You're hitting on something really important that barely gets discussed. For instance, notice how opus 4.5's speed essentially doubled, bringing it right in line with the speed of sonnet 4.5? (sonnet 4.6 got a speed bump too, though closer to 25%).
It was the very first thing I noticed: it looks suspiciously like they just rebranded sonnet as opus and raised the price.
I don't know why more people aren't talking about this. Even on X, where the owner directly competes in this market, it's rarely brought up. I strongly suspect there is a sort of tacit collusion between competitors in this space. They all share a strong motivation to kill any deep discussion of token economics, even about each other because transparency only arms the customers. By keeping the underlying mechanics nebulous, they can all justify higher prices. Just look at the subscription tiers: every single major player has settled on the exact same pricing model, a $20 floor and a $200 cap, no exceptions.
opus 4.6 was going to be sonet 5 up until week of release. The price bump is even bigger than you realize because they don't let you run opus 4.6 at full speed unless you pay them an extra 10x for the new "fast mode"
> a $20 floor and a $200 cap, no exceptions
Google caps at $250
It's quite plausible to me that the difference is inference configuration. This could be done through configurable depth, Moe experts, layers etc. Even beam decoding changes can make substantial performance changes.
Train one large model, then down configure it for different pricing tiers.
Doubling speed can likely come from MoE optimizations such as reducing the amount of active parameters.
Isn’t Gemini $300 a month for their most expensive plan? That includes stuff like Genie and all that though.
It kind of makes sense, at least a year or so ago, I know $20.00 unlimited plans were costing these companies ~$250.00 averaged out, they're still lighting money on fire with $200.00 but probably not nearly as bad, however, I'm not sure if costs have gone up with changes in models, seems like the agentic tooling is more expensive for them (hence why they're pushing anyone they can to pay per token).
These AI companies are all in the same boat. At current operating costs and profit margins they can't hope to pay back the investment, so they have to pull tricks like rebranding models and downgrading offerings silently.
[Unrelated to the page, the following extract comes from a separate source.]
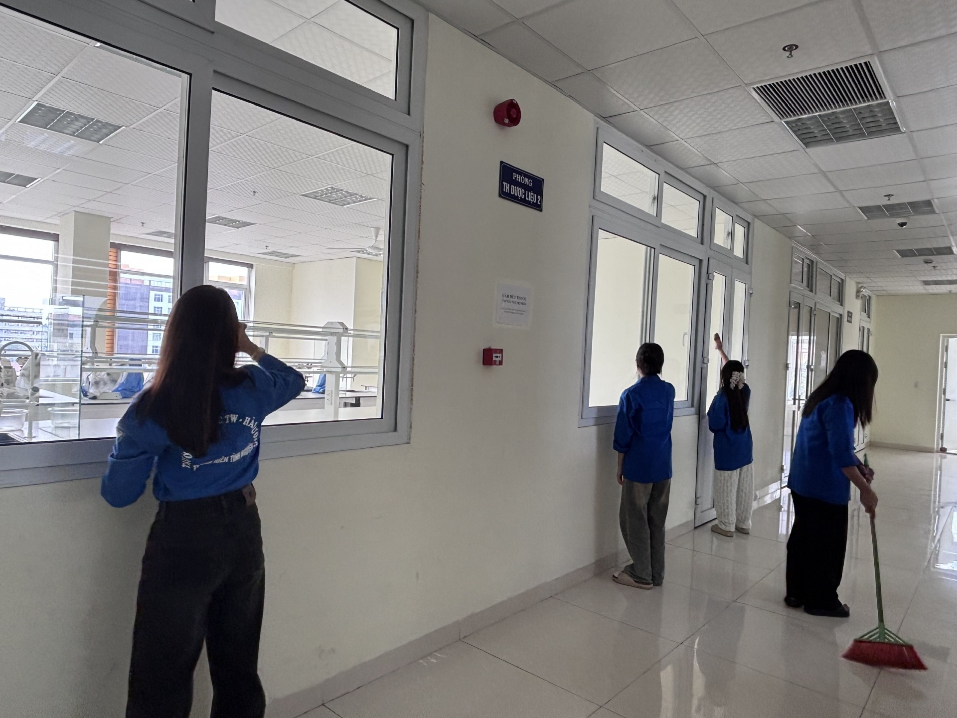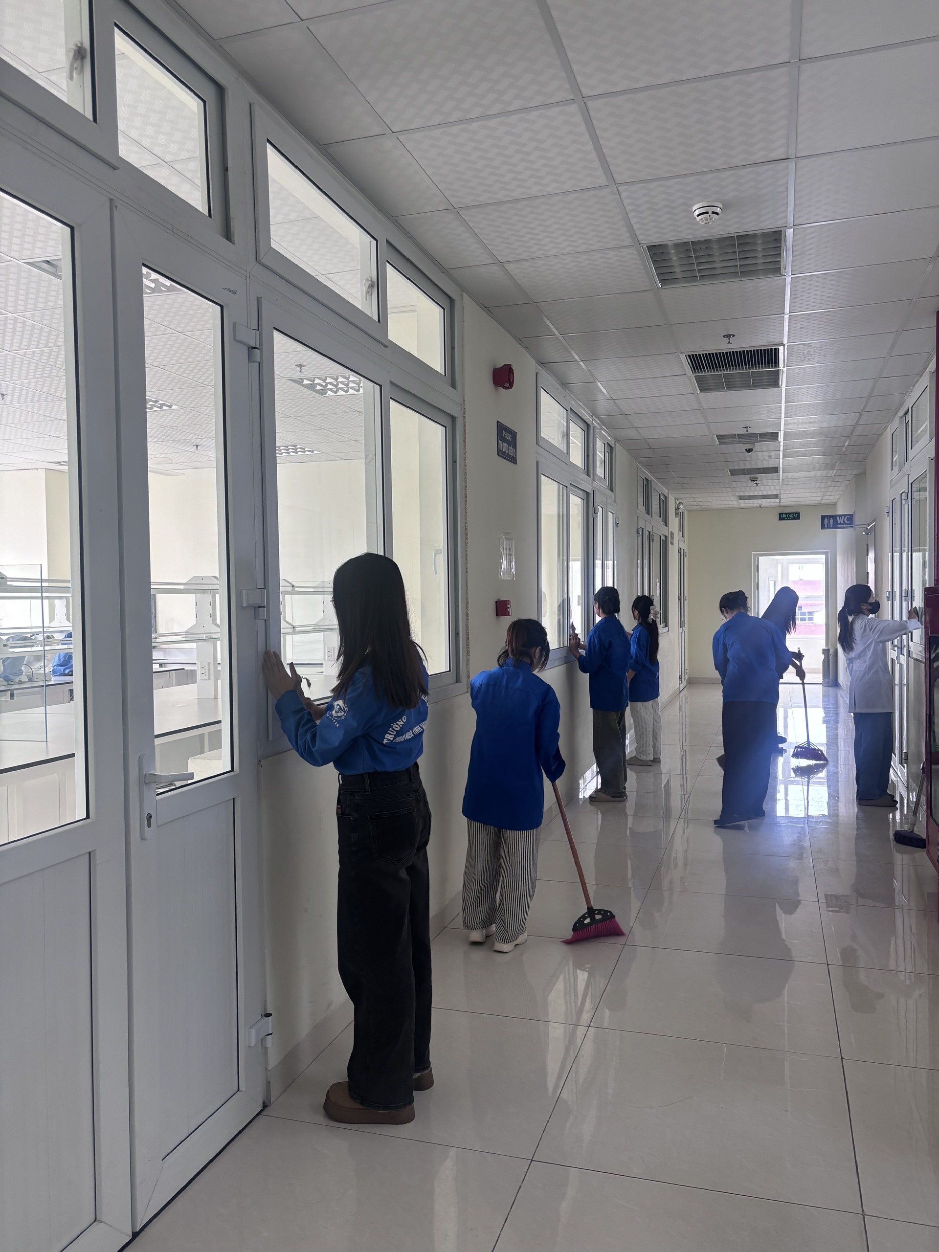 Tại Chương trình, Đoàn viên, sinh viên tiến hành quét dọn sân trường, vệ sinh phòng học – hành lang – khu thực hành; thu gom rác thải, phát quang bụi rậm xung quanh trường. Các bồn cây của nhà trường cũng được chăm sóc, bổ sung cây mới nhằm tạo cảnh quan xanh – sạch – đẹp.

There's no oversight of this industry. The consumer protection dept in the US was literally shut down by the administration, and even if they had not been, this technology is too opaque for anyone to really be able to tell if today they're giving you a lower model than what you paid for yesterday.
I'm convinced they're all doing everything they can in the background to cut costs and increase profits.
I can't prove that Gemini 3 is dumber than when it came out because of the non deterministic nature of this technology, but it sure feels like it.